5. Rights of the data subject
The rights of the data subject are listed in the following paragraphs. If a data subject wishes to avail himself of any of these rights, he or she may, at any time, contact the Data Protection Officer of the Controller. An employee of Polytech Health & Aesthetics GmbH shall promptly ensure that the request is complied with. Requests concerning rights requiring an immediate action will be followed-up immediately.
a) Right of confirmation
b) Right of access
c) Right to rectification
d) Right to erasure (Right to be forgotten)
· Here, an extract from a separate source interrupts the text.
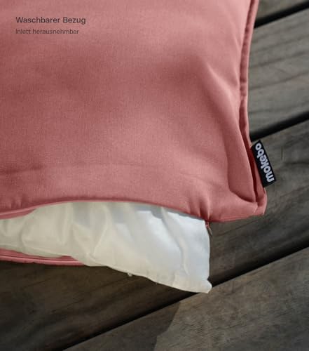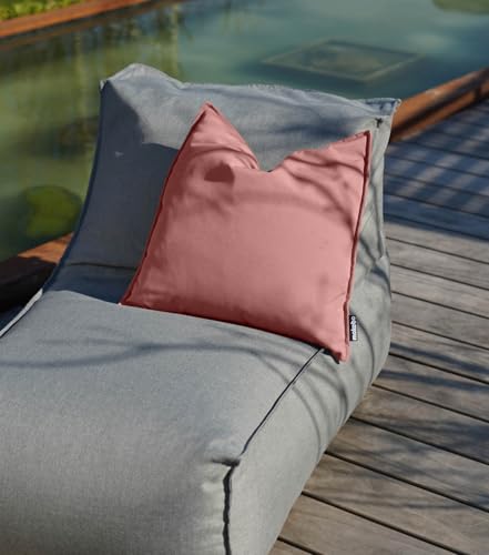 mokebo® Outdoor Kissen ‚Die Auszeit‘, (45x45cm) Terrassendeko, Sofakissen oder Kissen für Balkon, Terasse oder Garten, Dekokissen Bezug aus feinem Outdoorstoff in Koralle

e) Right of restriction of processing
f) Right to data portability
g) Right to object
h) Automated individual decision-making, including profiling
i) Right to withdraw data protection consent
6. Legal basis for the processing
Art. 6(1) lit. a GDPR serves as the legal basis for processing operations for which we obtain consent for a specific processing purpose. If the processing of personal data is necessary for the performance of a contract to which the data subject is party, as is the case with this free of charge license of use agreement, the processing is based on Article 6(1) lit. b GDPR. The same applies to such processing operations which are necessary for carrying out pre-contractual measures, for example in the case of inquiries concerning our products or services. If POLYTECH is subject to a legal obligation by which processing of personal data is required, such as for the fulfillment of tax obligations, the processing is based on Art. 6(1) lit. c GDPR. In rare cases, the processing of personal data may be necessary to protect the vital interests of the data subject or of another natural person. This would be the case, for example, if a visitor were injured in our company and his name, age, health insurance data or other vital information would have to be passed on to a doctor, hospital or other third party. Then the processing would be based on Art. 6(1) lit. d GDPR. Finally, processing operations could be based on Article 6(1) lit. f GDPR. This legal basis is used for processing operations which are not covered by any of the abovementioned legal grounds, if processing is necessary for the purposes of the legitimate interests pursued by our company or by a third party, except where such interests are overridden by the interests or fundamental rights and freedoms of the data subject which require protection of personal data. Such processing operations are particularly permissible because they have been specifically mentioned by the European legislator. He considered that a legitimate interest could be assumed if the data subject is a client of the controller (Recital 47 Sentence 2 GDPR).
7. The legitimate interests pursued by the controller or by a third party
Where the processing of personal data is based on Article 6(1) lit. f GDPR our legitimate interest is to carry out our business in favor of the well-being of all our employees and the shareholders.